Provided records —
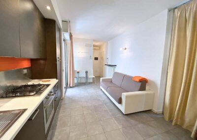 La struttura dispone di 15 appartamenti indipendenti, ciascuno dotato di bagno privato, angolo cottura, area soggiorno e balcone o terrazza, per garantire il massimo comfort, privacy e autonomia.
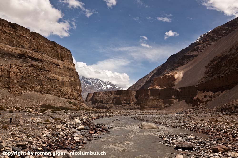 Im Hintergrund sehen wir Schneeberge, rechts und links von uns sind gewaltige Sand- und Fels-Hügel welche von der seismischen Aktivität dieser Gegend zeugen. Überall sind Abgangzonen von riesigen Felsrutschen zu sehen. Ein zerklüfteter Canyon führt dem Fluss entlang in beide Richtungen des Tal's. Überwältigend.
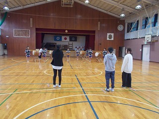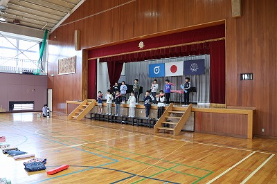 体育館での練習は、実際の発表を想定してステージを使って行います。曲によって並び方を変えたり曲紹介のセリフの練習をしたりと、本番さながらのリハーサルを行います。
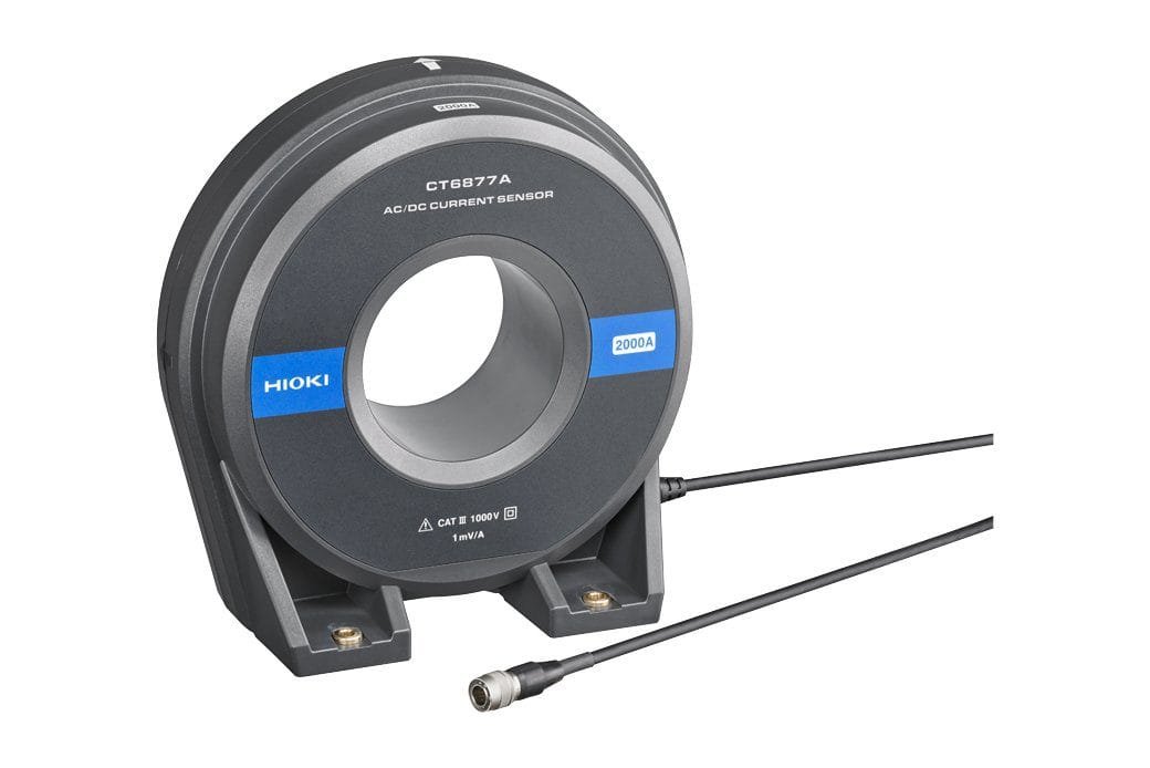 The CT6877A has a frequency bandwidth of DC to 1 MHz and a rated current of 2000 A. In combination with the Power Analyzer PW8001, high frequency and low power factor power can be accurately measured. The PW8001 automatically acquires and corrects the phase of the current sensor with 0.001°resolution, bringing out the best performance of the current sensor without any effort.
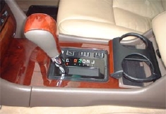 上からの画像、ウッドの色も差程違和感なく収まっているのがお判りいただけると思います。画像では判りにくいですがウッドのカット部分周囲は統べてブラックアウト処理し貼り付け後の周囲はフェルト加工してあるシート(画像のカップホルダー底に貼り付けてあるシート)を極細にカットして巻き付けてあります。

What to work on — For this answer, retype the lines from the start of the listing through the line that holds "体育館での練習は、実際の発表", inclusive, exactly and without pictures.

Answer space —
 La struttura dispone di 15 appartamenti indipendenti, ciascuno dotato di bagno privato, angolo cottura, area soggiorno e balcone o terrazza, per garantire il massimo comfort, privacy e autonomia.
 Im Hintergrund sehen wir Schneeberge, rechts und links von uns sind gewaltige Sand- und Fels-Hügel welche von der seismischen Aktivität dieser Gegend zeugen. Überall sind Abgangzonen von riesigen Felsrutschen zu sehen. Ein zerklüfteter Canyon führt dem Fluss entlang in beide Richtungen des Tal's. Überwältigend.
 体育館での練習は、実際の発表を想定してステージを使って行います。曲によって並び方を変えたり曲紹介のセリフの練習をしたりと、本番さながらのリハーサルを行います。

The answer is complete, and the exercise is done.